DATA EXTRACT:

*** Begin section ***

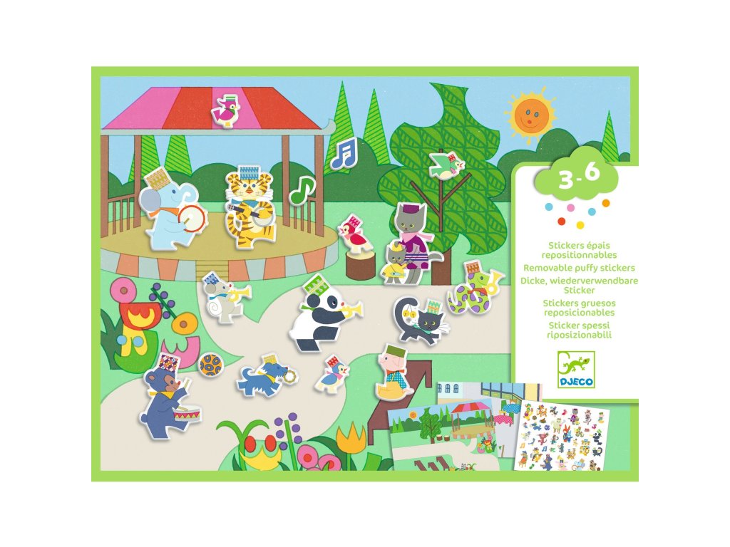 Odnímateľné samolepky Hudobný sprievod Oživ hudobný sprievod: nalepuj, prelepuj a vymýšľaj nové príbehyOdnímateľné samolepky – Hudobný sprievod sú kreatívna sada, vďaka ktorej si deti vytvoria vlastné veselé scény plné hudby. V balení nájdu 2 veľké ilustrované pozadia, ktoré môžu dopĺňať a meniť pomocou opakované použiteľných „nafúknutých“ (puffy) samolepiek.Samolepky sa dajú jednoducho odlepovať a znovu nalepovať, takže dieťa môže sprievod zakaždým usporiadať inak – raz pochoduje kapela, inokedy sa pridajú diváci, nástroje a ďalšie detaily. Hrubšie samolepky sú príjemné na uchopenie a skvelo sa hodia aj pre menšie detské ruky.Pre koho je vhodná: odporúčaný vek: 3 – 6 rokovObsah balenia 2 veľké ilustrované predlohy (cca 21 × 29,5 cm) 30 opakovane použiteľných hrubých puffy samolepiek
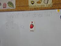 好きなものを訪ねる活動を行いました。「食べ物」「色」「スポーツ」について、友だちが何が好きなのを予想して、ワークシートに記入しました。
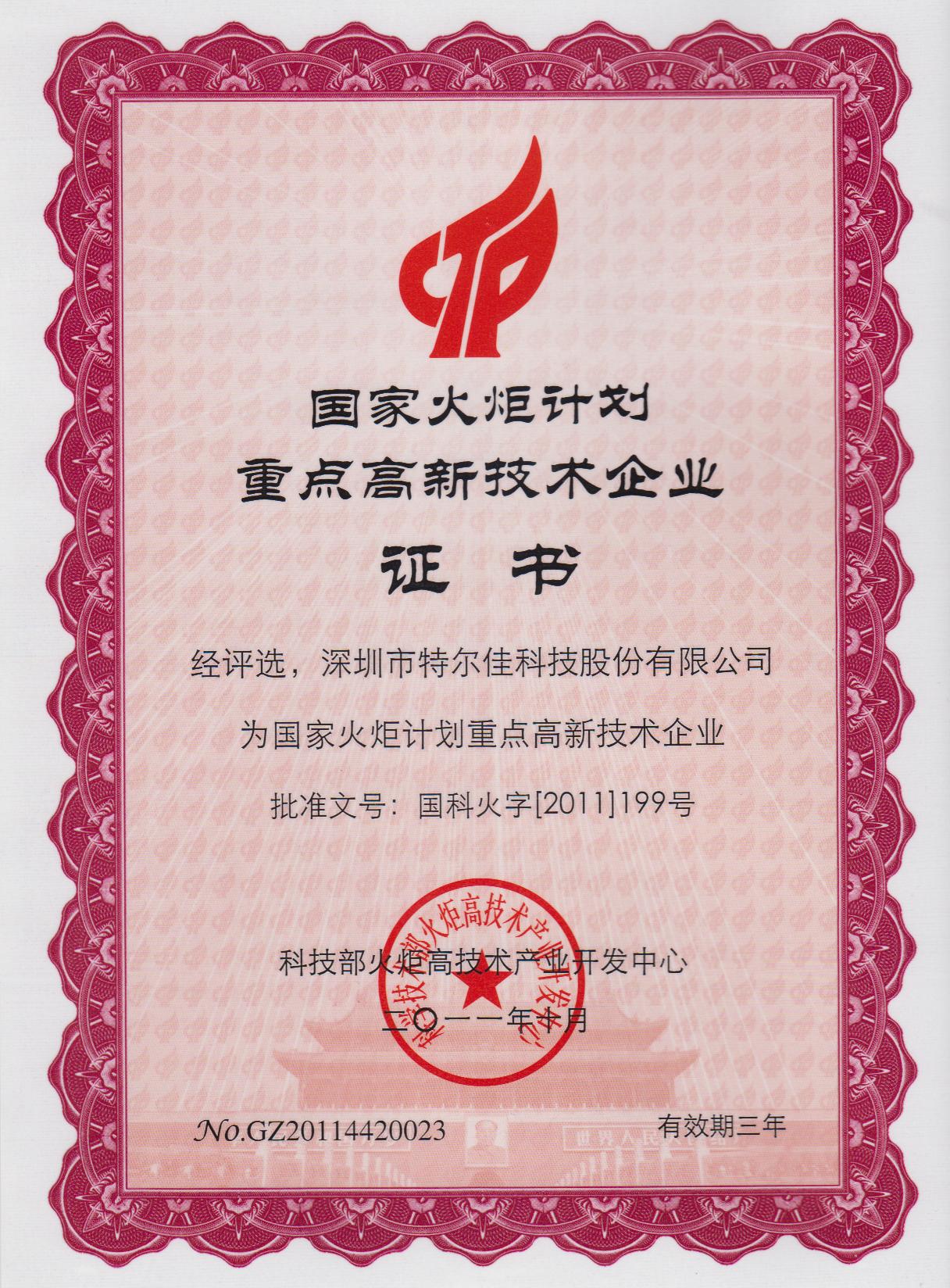 被科技部認(rèn)定為“國家火炬計(jì)劃重點(diǎn)高新技術(shù)企業(yè)”

*** End section ***

WHAT IS BEING ASKED: Print every line of the listing exactly, please, and leave the images out.

RESPONSE:
 Odnímateľné samolepky Hudobný sprievod Oživ hudobný sprievod: nalepuj, prelepuj a vymýšľaj nové príbehyOdnímateľné samolepky – Hudobný sprievod sú kreatívna sada, vďaka ktorej si deti vytvoria vlastné veselé scény plné hudby. V balení nájdu 2 veľké ilustrované pozadia, ktoré môžu dopĺňať a meniť pomocou opakované použiteľných „nafúknutých“ (puffy) samolepiek.Samolepky sa dajú jednoducho odlepovať a znovu nalepovať, takže dieťa môže sprievod zakaždým usporiadať inak – raz pochoduje kapela, inokedy sa pridajú diváci, nástroje a ďalšie detaily. Hrubšie samolepky sú príjemné na uchopenie a skvelo sa hodia aj pre menšie detské ruky.Pre koho je vhodná: odporúčaný vek: 3 – 6 rokovObsah balenia 2 veľké ilustrované predlohy (cca 21 × 29,5 cm) 30 opakovane použiteľných hrubých puffy samolepiek
 好きなものを訪ねる活動を行いました。「食べ物」「色」「スポーツ」について、友だちが何が好きなのを予想して、ワークシートに記入しました。
 被科技部認(rèn)定為“國家火炬計(jì)劃重點(diǎn)高新技術(shù)企業(yè)”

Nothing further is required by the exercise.